Senior High Performance Computing Engineer

Home / LLMVacancy / Senior High Performance Computing Engineer

Senior High Performance Computing Engineer

Application open Full Time

Job Purpose

As an HPC Expert, you will play a pivotal role in advancing our organization’s computational capabilities and accelerating the development of cutting-edge deep learning solutions. You will be responsible for managing and optimizing the performance of GPU clusters and implementing distributed computing strategies to efficiently train large-scale deep learning models.

Location

Abu Dhabi Only

Affiliation

Successful applicants may choose to work at MBZUAI or Inception (a G42 company) as per mutual agreements.

Key Responsibilities

Functional

GPU cluster management

Design, deploy, and maintain high-performance GPU clusters, ensuring their stability, reliability, and scalability.
Monitor and manage cluster resources to maximize utilization and efficiency.

Distributed/parallel training

Implement distributed computing techniques to enable parallel training of large deep learning models across multiple GPUs and nodes.
Optimize data distribution and synchronization to achieve faster convergence and reduced training times.

Performance optimization

Fine-tune GPU clusters and deep learning frameworks to achieve optimal performance for specific workloads.
Identify and resolve performance bottlenecks through profiling and system analysis.

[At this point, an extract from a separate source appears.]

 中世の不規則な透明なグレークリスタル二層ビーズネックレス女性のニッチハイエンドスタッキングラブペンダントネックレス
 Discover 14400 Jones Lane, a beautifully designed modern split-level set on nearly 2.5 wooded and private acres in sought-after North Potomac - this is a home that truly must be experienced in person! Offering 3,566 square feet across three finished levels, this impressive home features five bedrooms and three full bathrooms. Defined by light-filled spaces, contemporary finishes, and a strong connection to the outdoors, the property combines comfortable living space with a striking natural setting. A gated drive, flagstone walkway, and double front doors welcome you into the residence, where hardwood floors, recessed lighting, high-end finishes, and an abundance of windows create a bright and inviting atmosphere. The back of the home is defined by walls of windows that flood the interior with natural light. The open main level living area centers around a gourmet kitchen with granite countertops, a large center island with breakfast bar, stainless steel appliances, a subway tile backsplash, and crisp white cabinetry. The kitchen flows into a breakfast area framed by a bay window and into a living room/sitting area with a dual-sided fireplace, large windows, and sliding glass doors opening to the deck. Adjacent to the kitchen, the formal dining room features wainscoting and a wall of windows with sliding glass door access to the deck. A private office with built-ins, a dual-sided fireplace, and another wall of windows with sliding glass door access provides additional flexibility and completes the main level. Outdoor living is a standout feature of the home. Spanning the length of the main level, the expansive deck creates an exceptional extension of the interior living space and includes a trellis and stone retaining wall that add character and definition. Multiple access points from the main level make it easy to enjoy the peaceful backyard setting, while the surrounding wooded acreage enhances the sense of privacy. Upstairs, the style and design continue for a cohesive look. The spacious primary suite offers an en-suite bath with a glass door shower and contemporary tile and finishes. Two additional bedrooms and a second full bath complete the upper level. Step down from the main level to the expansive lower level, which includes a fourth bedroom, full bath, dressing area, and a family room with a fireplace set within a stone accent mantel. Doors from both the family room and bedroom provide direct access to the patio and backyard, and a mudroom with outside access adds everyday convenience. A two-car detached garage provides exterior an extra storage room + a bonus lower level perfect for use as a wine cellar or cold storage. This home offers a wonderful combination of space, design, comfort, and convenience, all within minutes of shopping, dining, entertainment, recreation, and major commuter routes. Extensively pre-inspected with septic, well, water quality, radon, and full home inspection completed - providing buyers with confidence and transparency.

Deep learning framework integration

Collaborate with data scientists and machine learning engineers to integrate distributed training capabilities into existing deep learning frameworks (e.g., TensorFlow, PyTorch, MXNet).

Scalability and resource management

Ensure GPU clusters can scale effectively to handle increasing computational demands.
Develop resource management strategies to prioritize and allocate computing resources based on project requirements.

Security and compliance

Implement security measures to protect GPU clusters and data while adhering to industry best practices and compliance standards.

Troubleshooting and support

Troubleshoot and resolve issues related to GPU clusters, distributed training, and performance anomalies.
Provide technical support to users and resolve technical challenges efficiently.

Documentation

- Create and maintain documentation related to GPU cluster configuration, distributed training workflows, and best practices to ensure knowledge sharing and seamless onboarding of new team members.

Job Specifications

Academic Qualification

A Master’s degree or Ph.D. in Computer Science or a related field with a focus on high-performance computing, distributed systems, or deep learning.

Professional Experience

Essential

At least three years experience successfully managing GPU clusters, including installation, configuration, and optimization.
Demonstrably strong expertise in distributed deep learning and parallel training techniques.
Proven proficiency in popular deep learning frameworks like TensorFlow, PyTorch, or MXNet.
Programming skills in Python and experience with GPU-accelerated libraries (e.g., CUDA, cuDNN).
Knowledge of performance profiling and optimization tools for HPC and deep learning.
Familiarity with resource management and scheduling systems (e.g., SLURM, Kubernetes).